[WORK TASK] Repeat precisely the span of lines below that opens with the line containing "ESIM364 levereras i" and closes with the line containing "注意事项:若票据未写明具体采", both included.
*-*-*
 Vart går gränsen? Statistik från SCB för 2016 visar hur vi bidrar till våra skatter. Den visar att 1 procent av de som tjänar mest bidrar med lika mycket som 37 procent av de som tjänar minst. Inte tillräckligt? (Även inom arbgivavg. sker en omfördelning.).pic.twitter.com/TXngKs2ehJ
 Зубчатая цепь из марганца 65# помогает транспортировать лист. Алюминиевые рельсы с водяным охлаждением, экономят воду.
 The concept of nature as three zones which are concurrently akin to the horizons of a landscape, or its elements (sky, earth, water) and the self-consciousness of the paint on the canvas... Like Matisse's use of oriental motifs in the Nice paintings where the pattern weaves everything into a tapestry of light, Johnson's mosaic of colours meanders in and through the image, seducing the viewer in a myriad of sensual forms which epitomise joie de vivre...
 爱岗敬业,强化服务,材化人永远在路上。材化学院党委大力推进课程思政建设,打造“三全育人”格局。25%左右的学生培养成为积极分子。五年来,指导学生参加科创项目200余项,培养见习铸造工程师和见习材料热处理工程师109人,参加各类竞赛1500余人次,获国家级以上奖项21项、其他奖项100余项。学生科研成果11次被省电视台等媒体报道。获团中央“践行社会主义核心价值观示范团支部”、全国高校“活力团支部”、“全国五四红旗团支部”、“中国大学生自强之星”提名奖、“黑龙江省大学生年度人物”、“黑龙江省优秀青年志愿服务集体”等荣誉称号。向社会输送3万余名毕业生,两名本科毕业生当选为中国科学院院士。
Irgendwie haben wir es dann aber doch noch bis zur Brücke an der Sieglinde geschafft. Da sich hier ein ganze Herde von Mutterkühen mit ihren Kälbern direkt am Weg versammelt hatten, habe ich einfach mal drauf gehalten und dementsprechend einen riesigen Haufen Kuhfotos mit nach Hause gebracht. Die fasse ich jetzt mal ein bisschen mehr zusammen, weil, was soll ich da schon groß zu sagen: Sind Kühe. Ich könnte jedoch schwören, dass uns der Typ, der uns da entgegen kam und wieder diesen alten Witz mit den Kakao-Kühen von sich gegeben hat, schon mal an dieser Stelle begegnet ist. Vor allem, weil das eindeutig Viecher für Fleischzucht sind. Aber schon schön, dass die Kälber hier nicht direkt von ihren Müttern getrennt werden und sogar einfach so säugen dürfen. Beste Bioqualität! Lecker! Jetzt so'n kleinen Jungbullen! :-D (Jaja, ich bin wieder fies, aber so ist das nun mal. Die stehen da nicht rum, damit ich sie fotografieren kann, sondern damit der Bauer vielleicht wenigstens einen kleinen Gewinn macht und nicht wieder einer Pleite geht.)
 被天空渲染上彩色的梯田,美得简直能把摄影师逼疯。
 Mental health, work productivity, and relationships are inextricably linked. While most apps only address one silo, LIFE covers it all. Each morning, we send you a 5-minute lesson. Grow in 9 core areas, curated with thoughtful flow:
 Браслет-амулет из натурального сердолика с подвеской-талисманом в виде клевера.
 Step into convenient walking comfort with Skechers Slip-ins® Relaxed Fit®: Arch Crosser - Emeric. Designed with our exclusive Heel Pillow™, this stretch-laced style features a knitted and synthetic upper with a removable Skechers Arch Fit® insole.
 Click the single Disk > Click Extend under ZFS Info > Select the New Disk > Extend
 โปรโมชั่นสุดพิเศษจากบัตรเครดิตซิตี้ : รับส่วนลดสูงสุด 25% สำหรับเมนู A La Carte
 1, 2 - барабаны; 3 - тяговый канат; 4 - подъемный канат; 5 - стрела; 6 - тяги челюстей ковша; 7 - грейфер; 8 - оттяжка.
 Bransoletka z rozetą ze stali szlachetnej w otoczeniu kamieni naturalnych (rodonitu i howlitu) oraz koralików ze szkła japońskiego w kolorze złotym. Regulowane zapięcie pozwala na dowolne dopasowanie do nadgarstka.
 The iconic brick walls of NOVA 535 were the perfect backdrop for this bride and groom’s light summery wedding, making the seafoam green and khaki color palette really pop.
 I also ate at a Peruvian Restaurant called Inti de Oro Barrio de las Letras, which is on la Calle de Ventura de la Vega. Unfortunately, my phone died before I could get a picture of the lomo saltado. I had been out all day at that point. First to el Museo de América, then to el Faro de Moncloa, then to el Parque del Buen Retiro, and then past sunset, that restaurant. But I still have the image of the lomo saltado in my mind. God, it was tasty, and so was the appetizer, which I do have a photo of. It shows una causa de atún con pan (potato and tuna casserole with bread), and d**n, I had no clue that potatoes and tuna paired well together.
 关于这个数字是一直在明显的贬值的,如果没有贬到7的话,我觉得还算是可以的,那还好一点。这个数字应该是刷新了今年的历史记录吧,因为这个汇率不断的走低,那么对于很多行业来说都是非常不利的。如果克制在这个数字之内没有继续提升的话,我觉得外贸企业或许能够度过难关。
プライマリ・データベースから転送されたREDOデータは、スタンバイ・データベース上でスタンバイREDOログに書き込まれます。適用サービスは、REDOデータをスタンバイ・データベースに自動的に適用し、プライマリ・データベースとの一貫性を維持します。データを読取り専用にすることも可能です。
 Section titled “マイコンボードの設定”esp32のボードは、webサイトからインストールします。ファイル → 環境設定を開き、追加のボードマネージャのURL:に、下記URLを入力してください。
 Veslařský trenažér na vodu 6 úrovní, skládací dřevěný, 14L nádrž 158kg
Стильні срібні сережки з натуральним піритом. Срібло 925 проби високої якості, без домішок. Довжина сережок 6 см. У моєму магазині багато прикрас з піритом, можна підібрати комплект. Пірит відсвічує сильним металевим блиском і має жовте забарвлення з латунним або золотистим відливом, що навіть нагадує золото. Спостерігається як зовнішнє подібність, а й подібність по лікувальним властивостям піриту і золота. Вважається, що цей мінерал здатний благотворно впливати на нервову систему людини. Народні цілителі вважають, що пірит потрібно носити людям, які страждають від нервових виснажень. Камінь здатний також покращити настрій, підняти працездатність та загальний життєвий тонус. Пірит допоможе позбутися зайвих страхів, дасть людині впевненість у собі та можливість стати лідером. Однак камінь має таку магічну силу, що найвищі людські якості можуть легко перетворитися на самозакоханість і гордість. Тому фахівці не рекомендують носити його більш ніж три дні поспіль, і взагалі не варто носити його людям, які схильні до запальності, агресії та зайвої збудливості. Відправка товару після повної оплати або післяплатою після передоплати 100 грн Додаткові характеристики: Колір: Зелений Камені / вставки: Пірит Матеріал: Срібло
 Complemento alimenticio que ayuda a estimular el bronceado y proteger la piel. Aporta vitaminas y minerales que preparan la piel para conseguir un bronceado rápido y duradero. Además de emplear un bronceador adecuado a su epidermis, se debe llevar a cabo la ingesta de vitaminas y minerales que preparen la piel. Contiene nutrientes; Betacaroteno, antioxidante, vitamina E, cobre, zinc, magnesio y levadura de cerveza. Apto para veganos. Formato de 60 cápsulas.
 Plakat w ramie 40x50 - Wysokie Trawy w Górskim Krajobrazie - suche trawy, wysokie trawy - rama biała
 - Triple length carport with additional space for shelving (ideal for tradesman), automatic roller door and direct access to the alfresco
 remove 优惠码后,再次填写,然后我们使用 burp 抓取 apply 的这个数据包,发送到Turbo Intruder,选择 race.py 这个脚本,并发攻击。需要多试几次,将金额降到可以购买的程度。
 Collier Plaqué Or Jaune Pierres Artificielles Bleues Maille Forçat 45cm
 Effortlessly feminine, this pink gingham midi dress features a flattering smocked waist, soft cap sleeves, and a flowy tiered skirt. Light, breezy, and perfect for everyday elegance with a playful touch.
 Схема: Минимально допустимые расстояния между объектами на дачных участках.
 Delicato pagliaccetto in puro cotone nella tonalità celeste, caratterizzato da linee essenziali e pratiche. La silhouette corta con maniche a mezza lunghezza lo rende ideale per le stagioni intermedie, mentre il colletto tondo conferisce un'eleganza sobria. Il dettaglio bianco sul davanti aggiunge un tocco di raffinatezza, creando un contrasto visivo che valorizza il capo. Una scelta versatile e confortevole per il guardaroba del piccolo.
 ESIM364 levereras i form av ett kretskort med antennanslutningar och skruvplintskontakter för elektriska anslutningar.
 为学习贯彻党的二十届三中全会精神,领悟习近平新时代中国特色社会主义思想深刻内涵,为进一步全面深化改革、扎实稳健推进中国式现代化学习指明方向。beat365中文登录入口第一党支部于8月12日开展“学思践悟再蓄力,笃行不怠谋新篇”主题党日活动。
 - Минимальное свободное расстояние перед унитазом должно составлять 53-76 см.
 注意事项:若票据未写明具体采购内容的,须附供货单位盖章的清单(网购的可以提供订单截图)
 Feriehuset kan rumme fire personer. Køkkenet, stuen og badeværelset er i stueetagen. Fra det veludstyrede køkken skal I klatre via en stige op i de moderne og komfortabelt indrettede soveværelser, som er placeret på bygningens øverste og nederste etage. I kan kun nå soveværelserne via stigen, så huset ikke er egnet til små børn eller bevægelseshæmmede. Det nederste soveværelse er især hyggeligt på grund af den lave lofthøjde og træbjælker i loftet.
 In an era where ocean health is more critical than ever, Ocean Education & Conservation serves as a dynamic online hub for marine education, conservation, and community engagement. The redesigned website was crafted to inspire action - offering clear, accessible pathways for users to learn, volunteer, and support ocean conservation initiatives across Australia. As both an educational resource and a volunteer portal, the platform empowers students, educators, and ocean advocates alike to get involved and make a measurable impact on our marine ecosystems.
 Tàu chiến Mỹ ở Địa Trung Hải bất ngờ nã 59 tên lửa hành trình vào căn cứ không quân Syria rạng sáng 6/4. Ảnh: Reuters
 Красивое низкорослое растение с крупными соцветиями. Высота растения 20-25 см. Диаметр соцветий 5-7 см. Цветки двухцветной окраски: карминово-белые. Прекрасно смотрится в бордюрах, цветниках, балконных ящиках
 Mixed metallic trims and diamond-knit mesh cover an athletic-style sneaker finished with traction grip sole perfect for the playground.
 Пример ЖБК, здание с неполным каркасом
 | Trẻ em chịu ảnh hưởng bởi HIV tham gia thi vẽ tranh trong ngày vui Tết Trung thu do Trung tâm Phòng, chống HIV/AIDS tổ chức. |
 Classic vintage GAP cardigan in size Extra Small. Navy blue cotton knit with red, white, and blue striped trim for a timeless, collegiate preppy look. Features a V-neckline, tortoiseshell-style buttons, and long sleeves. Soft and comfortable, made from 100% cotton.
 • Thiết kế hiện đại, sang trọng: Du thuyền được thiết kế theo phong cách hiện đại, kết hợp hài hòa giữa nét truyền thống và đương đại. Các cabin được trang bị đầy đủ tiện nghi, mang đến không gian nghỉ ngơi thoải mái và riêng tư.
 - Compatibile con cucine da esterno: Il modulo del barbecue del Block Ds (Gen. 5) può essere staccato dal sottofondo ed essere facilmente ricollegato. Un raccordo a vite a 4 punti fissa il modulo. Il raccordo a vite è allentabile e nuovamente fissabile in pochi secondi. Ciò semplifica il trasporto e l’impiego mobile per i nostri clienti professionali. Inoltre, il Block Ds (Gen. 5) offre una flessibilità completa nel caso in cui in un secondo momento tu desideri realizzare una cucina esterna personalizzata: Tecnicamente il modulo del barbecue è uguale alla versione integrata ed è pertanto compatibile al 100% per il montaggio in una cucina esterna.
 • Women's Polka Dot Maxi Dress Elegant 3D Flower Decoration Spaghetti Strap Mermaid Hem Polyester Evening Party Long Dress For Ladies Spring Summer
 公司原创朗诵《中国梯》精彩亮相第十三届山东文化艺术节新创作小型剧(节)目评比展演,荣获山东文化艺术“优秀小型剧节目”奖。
*-*-*
[ANSWER TO THIS TASK]
 ESIM364 levereras i form av ett kretskort med antennanslutningar och skruvplintskontakter för elektriska anslutningar.
 为学习贯彻党的二十届三中全会精神,领悟习近平新时代中国特色社会主义思想深刻内涵,为进一步全面深化改革、扎实稳健推进中国式现代化学习指明方向。beat365中文登录入口第一党支部于8月12日开展“学思践悟再蓄力,笃行不怠谋新篇”主题党日活动。
 - Минимальное свободное расстояние перед унитазом должно составлять 53-76 см.
 注意事项:若票据未写明具体采购内容的,须附供货单位盖章的清单(网购的可以提供订单截图)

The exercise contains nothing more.